In November 2021, Regal Rexnord closed on the $297 million acquisition of Arrowhead Systems LLC, which has Wisconsin operations in Randolph and Oshkosh. In March 2023, the company acquired its rival Altra Industrial Motion in Braintree, Massachusetts for about $5 billion including debt. In September 2023, the company sold its industrial electric motors and generators business of the Marathon, Cemp, and Rotor brands to rival WEG S.A. for $400 million.

==Marathon Electric Motors (India) Limited ==

Marathon Electric Kolkata started its journey as GEC UK, after the European Union was formed GEC of the UK and Alsthom of France merged to form GEC Alsthom. The company became Alstom. In 2007, Regal Rexnord Corporation of USA acquired Alstom India's motor and fan business and was named "Marathon Electric Motors India Limited".

Marathon Kolkata manufactures both LT induction & Large HT induction motors for domestic, commercial, and industrial segments. The motors are available as per industry requirements of the safe area and hazardous area applications. Marathon makes axial, propeller and centrifugal industrial fans.

Marathon Electric Motors has these manufacturing facilities:
- Kolkata works for HT and LT motors
- Ahmedabad works for LT motors

Additionally, Marathon India has 2 "global technology centers". One is in Hyderabad, another is in Pune, and there is a manufacturing facility for FHP and LT motors located in Faridabad.

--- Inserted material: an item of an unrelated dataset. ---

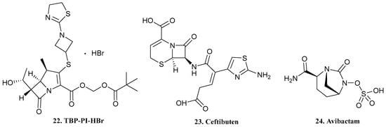 Structure of TBP-PI-HBR (22), ceftibuten (23), and avibactam (24) [24,25,26,27,28,29,30].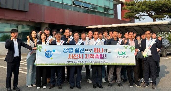 간담회 후 청렴 교육과 ‘청렴한 서산, 깨끗한 서산’란 표어와 함께 서산시청 직원과 한국국토정보공사 서산지사 직원 간‘청렴 측량 및 토지이동조사 허가증’을 직접 걸어주며 합동 청렴실천 결의대회를 진행했다.

==Global Technology Centre - India (GTCI)==
Located in Hyderabad and Pune, GTCI is an engineering and info-tech hub, where engineering and IT teams operate in collaboration with worldwide Regal Rexnord centers. Hyderabad GTCI was established in August 2005 and Pune GTCI in July 2015. The centers are global R & D support arms of the Regal Rexnord Corporation.